Traceback (most recent call last):
  File "<stdin>", line 1, in <module>
TypeError: 'str' object does not support item assignment

常見問題

字串轉整數

Problem: String to Integer (atoi)
Implement the myAtoi(string s) function, which converts a string to a 32-bit signed integer (similar to C/C++'s atoi function).

The algorithm for myAtoi(string s) is as follows:

  1. Read in and ignore any leading whitespace.
  2. Check if the next character (if not already at the end of the string) is '-' or '+'. Read this character in if it is either. This determines if the final result is negative or positive respectively. Assume the result is positive if neither is present.
  3. Read in next the characters until the next non-digit charcter or the end of the input is reached. The rest of the string is ignored.
  4. Convert these digits into an integer (i.e. "123" -> 123, "0032" -> 32). If no digits were read, then the integer is 0. Change the sign as necessary (from step 2).
  5. If the integer is out of the 32-bit signed integer range [-2^31, 2^31 - 1], then clamp the integer so that it remains in the range.
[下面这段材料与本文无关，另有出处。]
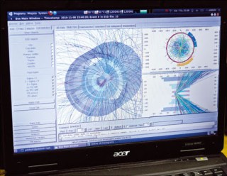 | A computer screen in the ALICE control room shows an event display on the night of the first heavy-ion collisions in the LHC in November 2010. |
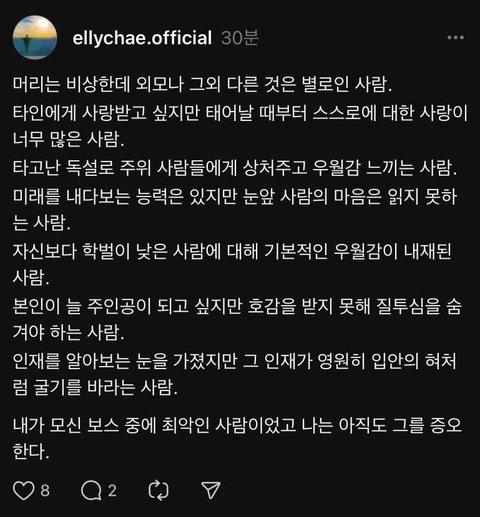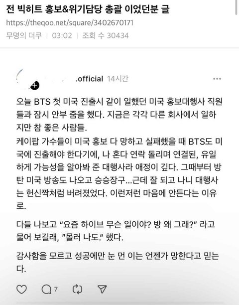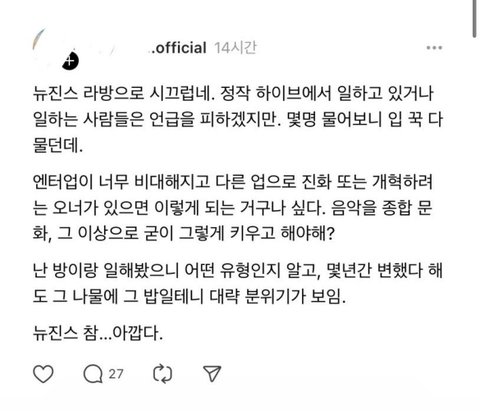 이게 맞지 .. 아니 맞을 듯.. sm에 10년 넘게 있으면서 엔터업 다 아는 사람이 이제와서 날뛰는게 말이 되겠나? 뭔가 앞뒤 다른 상황에 탈출하려 했겠지.. sm 아티스트들이 응원하는 거 보면 민이 잘못 살진 않았을 듯.. 뭐 엔터업이야 드세지 않음 버틸 수 없고 .. 방은 협업은 아니나 제안 자문구햐서 답만 얻음 팽하는 듯.. 지금 대기업으로 상장도 했겠다 자기가 군림하는 세계에서 자기 혀놀림에 죽는 시늉해야 하는데 아니라고 하니까 거슬리겠지..
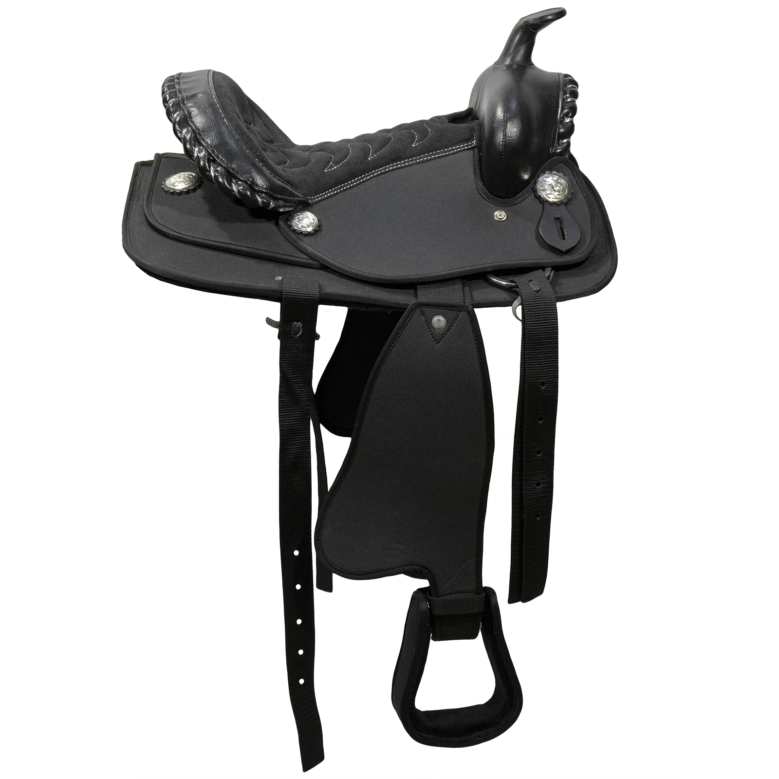 Седло в стиле вестерн для пони (Western Pony Saddle) сделано из синтетических материалов. Верх выполнен из искусственной замши. Оригинальный дизайн. Седло украшено декоративными розетками и вышивкой. Стремена покрыты прочным синтетическим материалом. Внутренняя сторона отделана мягким искусственным мехом. Удобно для походов и длительных прогулок. Подходит для проката и праздников.
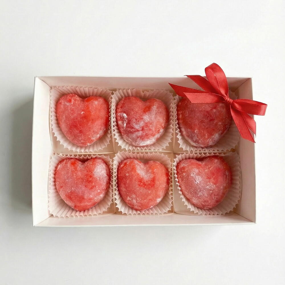 Подарочный набор «Моти-Сердца» 6 шт. Шесть безупречных моти-сердец с волшебным вкусом «Клубника-Пломбир» - это элегантный и лаконичный подарок для самых близких. Идеальный тандем сочной летней клубники и тающего сливочного пломбира, упакованный в нежнейшую рисовую оболочку. Мечтаете добавить в этот идеальный шестигранник новые грани? Набор можно легко персонализировать, включив в него другие популярные вкусы, но уже не в форме сердца. Просто укажите ваши пожелания в комментарии к заказу, и мы составим для вас идеальную сладкую композицию.

Specifically, integers less than -2^31 should be clamped to -2^31, and integers greater than 2^31 - 1 should be clamped to 2^31 - 1.
  6. Return the integer as the final result.

Note:
Only the space character ' ' is considered a whitespace character.
Do not ignore any characters other than the leading whitespace or the rest of the string after the digits.

Example 1:

Input: str = "42"
Output: 42
Explanation: The underlined characters are what is read in, the caret is the current reader position.
Step 1: "42" (no characters read because there is no leading whitespace)
         ^
Step 2: "42" (no characters read because there is neither a '-' nor '+')
         ^
Step 3: "42" ("42" is read in)
           ^
The parsed integer is 42.
Since 42 is in the range [-2^31, 2^31 - 1], the final result is 42.

Example 2:

Input: str = "   -42"
Output: -42
Explanation:
Step 1: "   -42" (leading whitespace is read and ignored)
            ^
Step 2: "   -42" ('-' is read, so the result should be negative)
             ^
Step 3: "   -42" ("42" is read in)
               ^
The parsed integer is -42.
Since -42 is in the range [-2^31, 2^31 - 1], the final result is -42.

Example 3:

Input: str = "4193 with words"
Output: 4193
Explanation:
Step 1: "4193 with words" (no characters read because there is no leading whitespace)
         ^
Step 2: "4193 with words" (no characters read because there is neither a '-' nor '+')
         ^
Step 3: "4193 with words" ("4193" is read in; reading stops because the next character is a non-digit)
             ^
The parsed integer is 4193.
Since 4193 is in the range [-2^31, 2^31 - 1], the final result is 4193.

Example 4:

Input: str = "words and 987"
Output: 0
Explanation:
Step 1: "words and 987" (no characters read because there is no leading whitespace)
         ^
Step 2: "words and 987" (no characters read because there is neither a '-' nor '+')
         ^
Step 3: "words and 987" (reading stops immediately because there is a non-digit 'w')
         ^
The parsed integer is 0 because no digits were read.
Since 0 is in the range [-2^31, 2^31 - 1], the final result is 4193.

Example 5:

Input: str = "-91283472332"
Output: -2147483648
Explanation:
Step 1: "-91283472332" (no characters read because there is no leading whitespace)
         ^
Step 2: "-91283472332" ('-' is read, so the result should be negative)
          ^
Step 3: "-91283472332" ("91283472332" is read in)
                     ^
The parsed integer is -91283472332.
Since -91283472332 is less than the lower bound of the range [-2^31, 2^31 - 1], the final result is clamped to -231 = -2147483648.

Constraints:

0 <= s.length <= 200
s consists of English letters (lower-case and upper-case), digits (0-9), ' ', '+', '-', and '.'.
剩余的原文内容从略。